It's a joke.  Not thinking it's funny is fine.  Being offended by it is silly.

 

Andrew Eisen

Re: EB Games Australian Web Ad Called Sexist

With the basic exception of the background music and the brief insertions of a narrator, everything else was completely modern. (The trumpeting noise might be vintage, but it could be easily swapped for other blah-blah sound effects.)

This video doesn't depend on that 1950s styling, it merely borrows a few minor aspects. The characters are dressed modernly, the animation and illustration styles are modern, the dialog is modern, the sets are modern and the whole thing is in color. The retro elements are irrelevant to the whole. If you want to parody that sort of thing, the general approach is to go overboard, not to subtle about it.

And again, if this was an outlier I wouldn't care; but this isn't the first time GameStop/EB has used offensive stereotypes, and it's something that is fairly common in the industry at large. Things like 'boob physics', most female character design, and the kind of games that are targeted at 'girls' (like Ubisoft's awful Imagine games); any one problem could be overlooked as stupidity but as a whole it becomes a much more looming problem.

Re: EB Games Australian Web Ad Called Sexist

"...everything else was completely modern."

Well, of course.  It's about trading in video games for store credit at a video game specialty store to buy more video games.  That's a modern concept.

 

Andrew Eisen

Re: EB Games Australian Web Ad Called Sexist

The idea of trading a product for another product is not a modern concept. The item in question may have been videogames, but it was not core to what was being sold. It could have been movies, electronics, books, tools -- it's interchangeable.
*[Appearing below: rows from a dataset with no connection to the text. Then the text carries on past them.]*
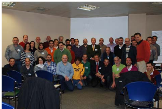
Foto de los asistentes a las IV Jornadas de Helicóptero sobre actividades de lucha contra incendios.

17 y 18 de marzo. COPAC celebra las IV Jornadas Técnicas de Helicópteros sobre actividades aéreas de lucha contra incendios con la participación de pilotos de diferentes operadores así como representantes de AESA, del 43 Grupo de Fuerzas Armadas y del MAGRAMA. La seguridad de las operaciones fue el eje central de las jornadas, que contaron con 40 asistentes.
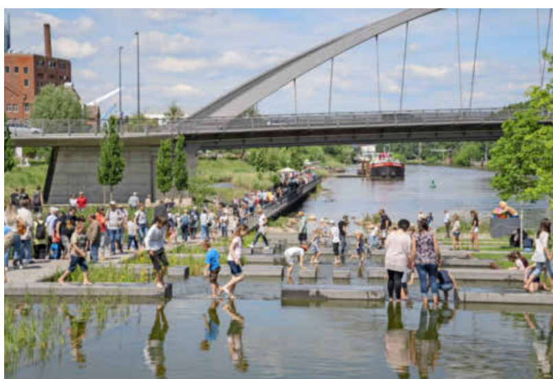
Das Motto „Stadt am Fluss“ rückte bei der BUGA wie selten zuvor den Neckar in den Fokus. 17 Hektar Grünanlagen entstanden entlang des Flusses.
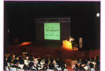
子ども虐待防止フォーラム

目標 子ども虐待防止フォーラム参加者のうち「参考になった」90%以上 市内におけるハローエンゼル訪問の実施率 95%以上
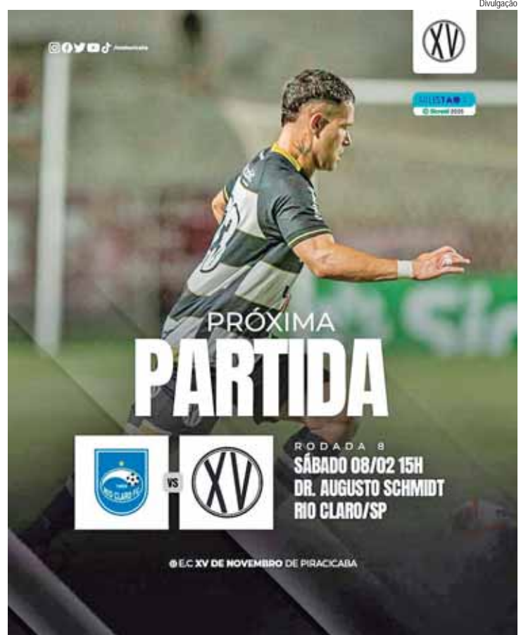
XV volta a campo neste sábado, 8, contra a equipe do Rio Claro

"Comemoramos vitórias e sofremos com as derrotas até a reapresentação no outro dia, assim que chegamos para trabalhar, nos
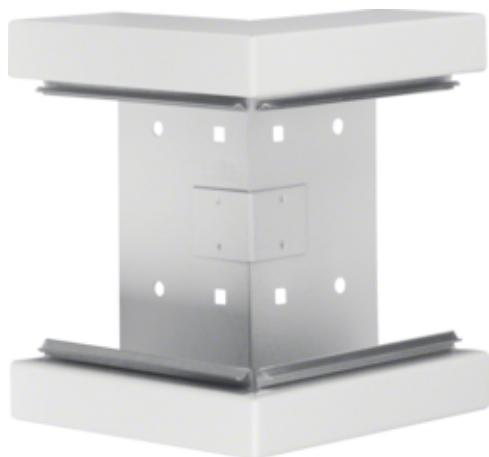
Außeneck aus Grundprofil zu BRS 68x170mm Oberteil 120mm aus Stahlblech reinweiß
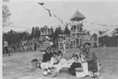
父の日は、親子そろって

6月19日父の日は、日ごろ仕事に忙しいお父さんに、緑の中でゆっくり休んでいただくとうとう「父の日のゴロ寝会+ゴロ寝したお父さんを描いてみませんか」を開催します。お父さんには手づくりの木のマクラ、オリジナルタオル、ジュース1本を進呈して自由にゴロ寝を楽しんでもらい、一緒に来たチビッコにはお父さんのゴロ寝姿を描いてもらいます。当日午前11時と午後2時からワンパク城けいじゅつコーナー前で受け付け。各回先着の親子100組。また、7月17日から行われる「ワンパク王国たなばたまつり」に向けて、子どもたち手づくりのたなばた飾りも募集しています。
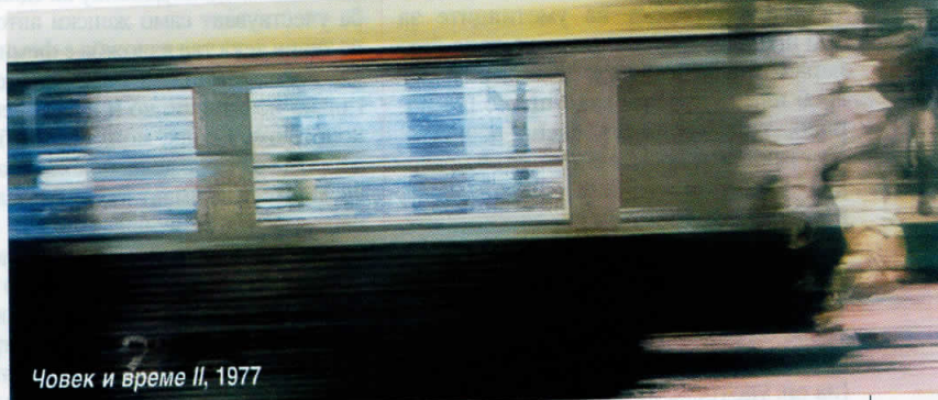
Човек и време II, 1977
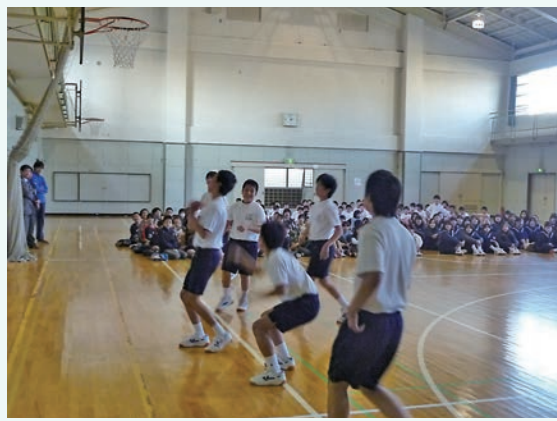
中学生の創作ダンスは、みんな真剣で格好良かったです

庭で食べました。いつもと違った場所、穏やかな雰囲気の中での給食になりました。 ○兄弟学年・隣接学年活動 たくさんある本校の木々からの落ち葉を、隣接学年で協力して掃き集めました。
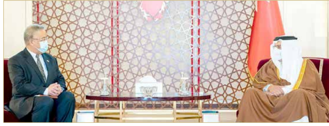
سمو ولي العهد رئيس الوزراء لدى لقائه السفير التايلندي
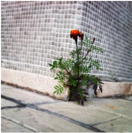
Ankara Büyük Kolej "Survival" (Havatta Kalıs)
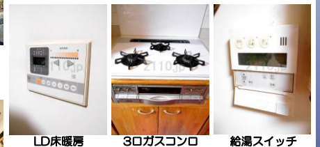
LD床暖房 3口ガスコンロ 給湯スイッチ

検査事業者が保証契約に基づき、保険の基準に従って検査し買主様に対して保険対象部分の隠れた瑕疵の瑕疵保証責任を負う場合、保証責任の履行による損害(費用)に対して保険金が支払われます。
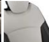
Sellerie fixe Ivoire / Noir
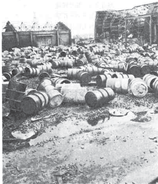
〔写真〕爆発炎上した宝組倉庫、硝化綿のドラム缶が無数に転っている。

火災は爆発を伴って猛威をきわめ消火に手間どったが、その中に木造倉庫に保管されていたパーメックが突如大爆発し、消火活動中の消防職員19人が死亡した。無許可貯蔵のため消防隊もまさか一般倉庫で爆発が起るとは予想もできなかった。会社側より一言指示があればかかる惨事にはならなかったものを悔まれたものである。
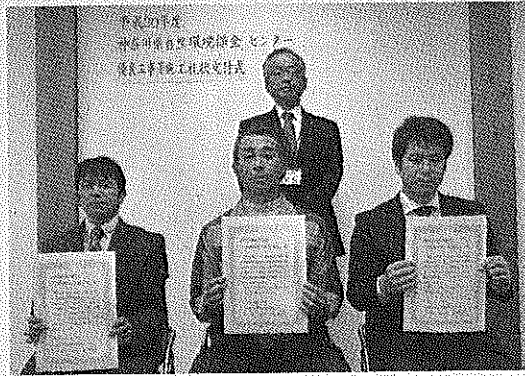
交付式に出席した3社の関係者

自然環境保全センターは1月29日、同センター(厚木市七沢)で優良工事と優良森林整備業務の各施工者に所長礼状を交付した。相模原と厚木の2市と箱根町、山北町の計4社を対象とし、困難な工事や業務の円滑な進行や無事故・無災害、事業の周知などの功績を称えた。
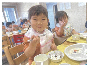
デザートはクリームが乗った 焼きドーナツ♡おいしい〜♡
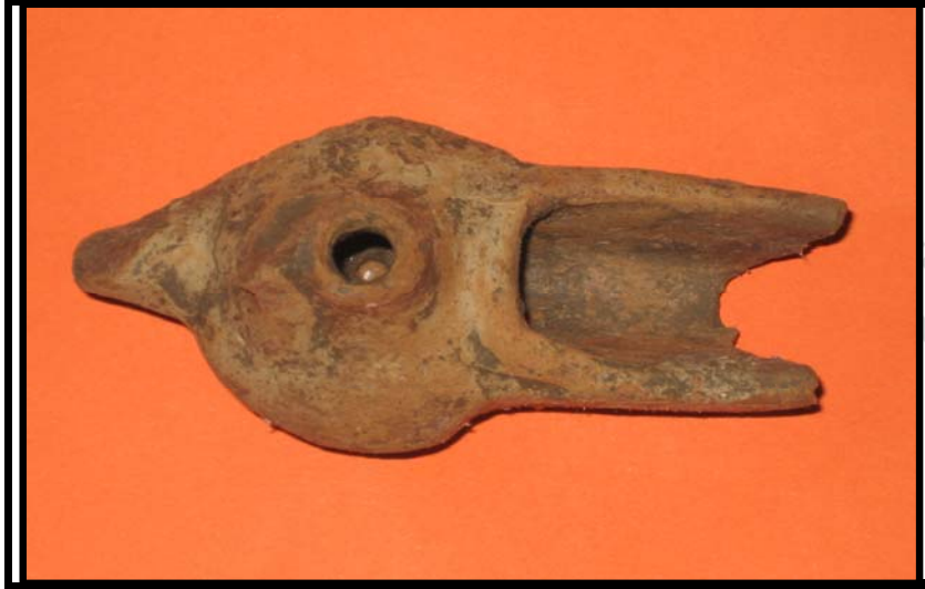
Figura 1. Lámpara aceite. C-1. U.E.10 Vista cenital

Don't forget, parody is supposed to make some sort of remark on the original material; this was faithful to old stereotypes. No satire, no jokes, just sexism.

Re: EB Games Australian Web Ad Called Sexist

"The item in question may have been videogames, but it was not core to what was being sold."

Yes it is.  It's an EB Games ad.

"Don't forget, parody is supposed to make some sort of remark on the original material..."

It can but it doesn't have to.

I'll say it again:  It's a joke.  If you don't find it funny, that's fine.  If you're offended, you're being silly.

 

Andrew Eisen

Re: EB Games Australian Web Ad Called Sexist

Yes it is.  It's an EB Games ad.

Watch it again; try imaging that instead of wanting to buy a new game, he wants to buy a new tool. Then he's offered a deal to trade in three used tools for one new one. Still saves the money, still takes her for dinner, then she cleans around him while he uses his new acquisition. If this is lost on you, then you ought to spend some time reading about marketing basics -- the product here is irrelevant to the pitch. Any store selling a non-consumable item could use this exact same pitch.

It can but it doesn't have to.

Most definitions of parody DO require it. Look it up; wikipedia even has a decent article on it. No, parody does not literally require you to be satirical, but common use of the word expects it. This is probably better referred to as an homage (with the baggage that the word then implies).

If you're offended, you're being silly.

Seriously? I'm not telling you that you have to be offended by this. I am telling you that this material IS offensive, and is part of a much bigger problem; one that reflects terribly on gamers.  Just because you aren't offended by this does not mean that it is not offensive.

I'd love to share your mindset and live in a world where misogyny in the media is assumed to be parody by default, because sexism is considered extinct and silly in practice, but it is in fact still a problem. Telling people that they are being silly for being bothered by stereotypes that denigrate half of the population IS part of the problem.

Re: EB Games Australian Web Ad Called Sexist

1. I'm not arguing that bartering is a modern concept.  I'm saying video games are and that's why the ad takes place in modern times.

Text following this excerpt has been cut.